Current location - Loan Platform Complete Network - Big data management - How to create without missing values?
How to create without missing values?
Missing data is a common problem. If it is a large data set and the missing ratio is small (for example, 10% or less), you can consider deleting it directly, but if it is a small data set, it cannot be deleted easily.

It is suggested to use missing value filling technology to solve this problem.

In SPSS, there are two menus to complete the missing filling. One is to replace the missing values under the transformation menu, and the other is to analyze the missing values under the analysis menu.

The former is simple and easy to operate, while the latter is slightly professional and complicated. In most cases, I think replacing missing values can meet the requirements. Therefore, I mainly introduce the video course of SPSS from introduction to practice and the missing value replacement method in this paper.

Case data

For the economic data of 1 1 year, the "tertiary industry value" data of 20 13 years is missing. The real value is given by the "original" variable on the right, so as to compare the missing situation, that is, the "tertiary industry value" of 20162 years.

SPSS replaces missing values

Menu: Convert → Replace Missing Values, and the dialog box is as follows:

SPSS provides five missing filling methods here, namely:

serial mean

Use the average of the entire sequence to fill in missing values.

Average value of adjacent points

Fill in missing values with the average of valid surrounding values. The span of adjacent points is the number of effective values used to calculate the upper and lower average of missing values.

Median value of adjacent points

Fill the missing value with the middle value of the valid surrounding value. The span of adjacent points is the number of effective values used to calculate the median above and below the missing value.

linear interpolation method

Replace missing values with linear interpolation. The last valid value before the missing value and the first valid value after the missing value are used for interpolation. If the first or last case in the sequence has a missing value, there is no need to replace it, and the calculation principle is similar to "average value of adjacent points".

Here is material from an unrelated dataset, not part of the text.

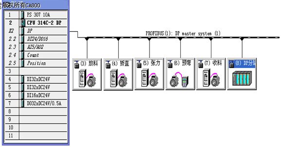摘要:本文介绍了S7-300PLC通过PROFIBUS-DP通讯方式控制MM440变频器,配合人机界面,结合工艺要求,实现了铝管在线退火的完美控制。 关键词:S7-300PLC MM440变频器 PROFIBUS-DP通讯 一、项目介绍 1.简介 苏州奥智机电设备有限公司一直致力于空调用铜、铝管加工设备的研发、设计、制造及服务,为用户提供高性价比的卓越产品。其研制的在线退火设备是近年来开始在铜、铝管加工行业中大量应用的设备,与传统的辊底炉相比,占地面积仅为四分之一,而且节省工序,省却了传统的在退火前缠绕的工序,降低了管材消耗和在工序过程中的擦伤。管材的成品率高,数千米长的盘管上废管只有1-2米,产生在整盘管材的开头部分,能实现盘到盘的加工流程,极大地提高了生产效率。 该设备采用S7-300PLC结合人机界面通过PROFIBUS-DP通讯协议实现对MM4变频器的速度控制,整个电控系统体系简明,布线简单可靠,控制运行准确平稳,收到了良好的效果。 2.简要工艺介绍 在线退火设备用于将料篮装载的硬态管通过在线感应加热方式退火成软态管。在连续运行过程中,将置于保护气体氛围中的管材通过中频感应加热,使其温度达到480度左右,再通过保温区(确保在一定的温度下有时间在加热后进行全晶粒的匀化并消除管子表面的褪色),进入到快速冷却区(即将冷却水直接喷淋到加热后的管材上使其快速冷却),将附着在管材表面的水通过吹干装置吹干后进入到履带式自动张力装置,使管材在行进的过程中一直保持一个合适的张力,然后经过抺油处理后进入到收料篮中。 外观示意图如下: 1. 系统硬件 1) PLC 2) HMI 3) 变频器 此项目中放料和收料都由交流变频电机通过减速箱驱动料篮高速旋转,属于大惯量系统,而且要求很高的起动转矩;通过采用MM440的无速度传感器矢量控制方式,可以获得接近闭环控制的性能,速度精度可达0.2-0.5%,同时省去了速度传感器,具有较低的维护成本。与传统V/Hz控制比较,无速度传感器矢量控制可以获得改进的低速运行特性,变负载下的速度调节能力亦得到改善,同时还可获得高的起动转矩,这在高摩擦与惯性负载的起动中有明显的优势。正是由于这些驱动特性,此项目选择了MM440变频器。 2.控制系统主要器件 电源模块 6SE7 307-1KA00-0AA0 2块 3.系统配置 根据以上的选型,组成了如下的控制结构图:
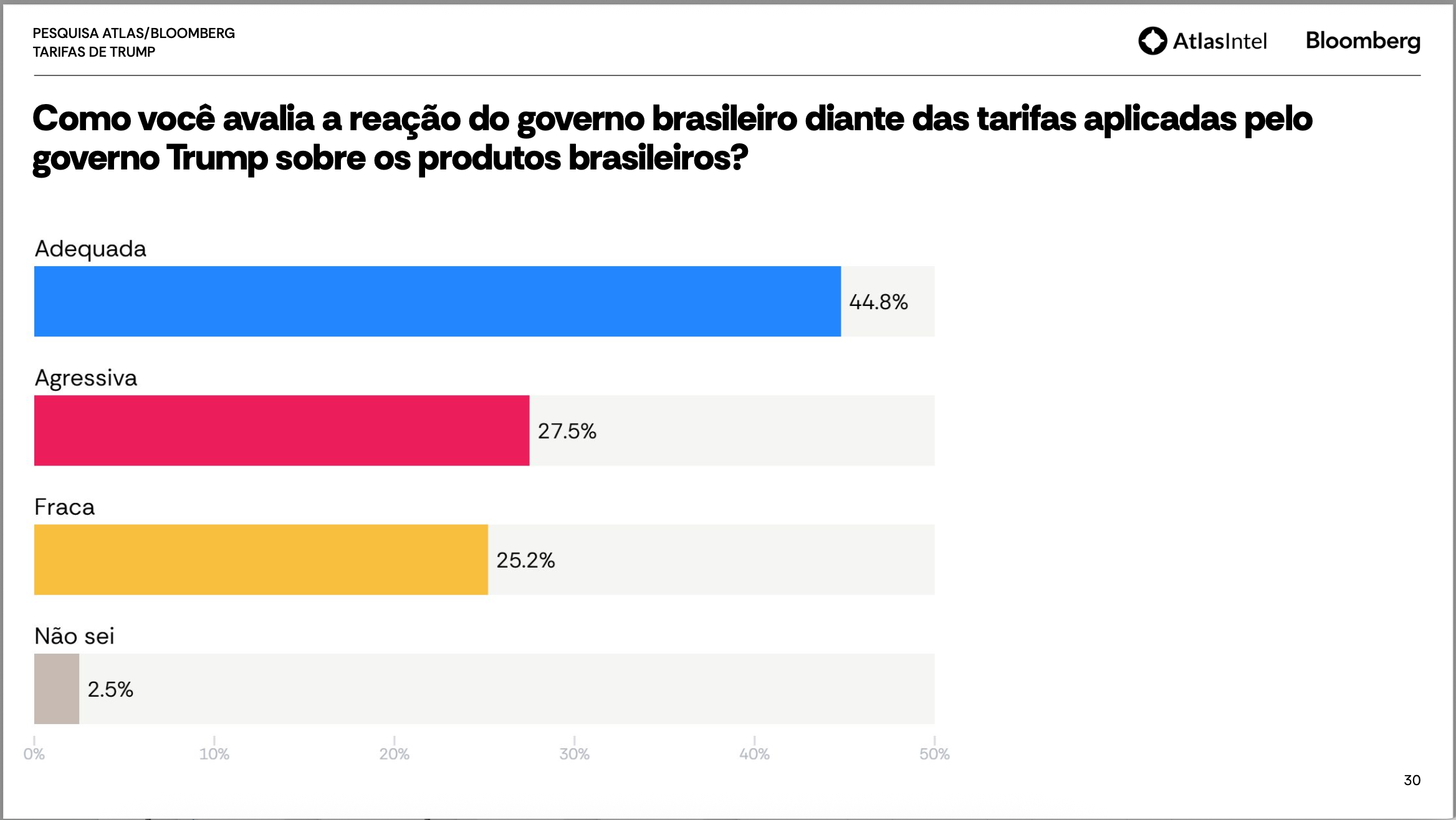 Pesquisa AtlasIntel divulgada nesta terça (15) revela que a maioria da população brasileira considera injustificada a decisão do presidente dos Estados Unidos, Donald Trump, de impor tarifas de 50% sobre produtos brasileiros.

Linear trend of this point

Use the linear trend of this point to fill in the missing values. Regression the existing sequence on the index variable of 1 to n, and fill the missing values with the predicted values. Simply understood as the system will use linear fitting method to determine the replacement value. Other variables as independent variables, missing sequence variables as dependent variables, and then modeling and forecasting.

As long as you know the above five methods, don't worry too much about the calculation principle (there is no need to waste your brain, choose to trust SPSS). In particular, the first two methods based on average are the most commonly used and easy to understand.

explain

I skip the first method, and the text will explain. The "tertiary industry value" consists of 10 numbers except the missing data in 20 13, and its average value is 750.06, which is the so-called "sequence average", so 750.06 is used as the filling value of the missing data in 20 13.

For example, look at the second method: the average value of adjacent points.

Our group of data is time series data, and it is found that the "tertiary industry value" data is increasing year by year, so it is obviously not good to use the average value of the whole series to calculate the missing value. If you think about it carefully, it will be more effective and closer to the true value to calculate the average value with the data of nearly 1 year or the data of nearly 2 years.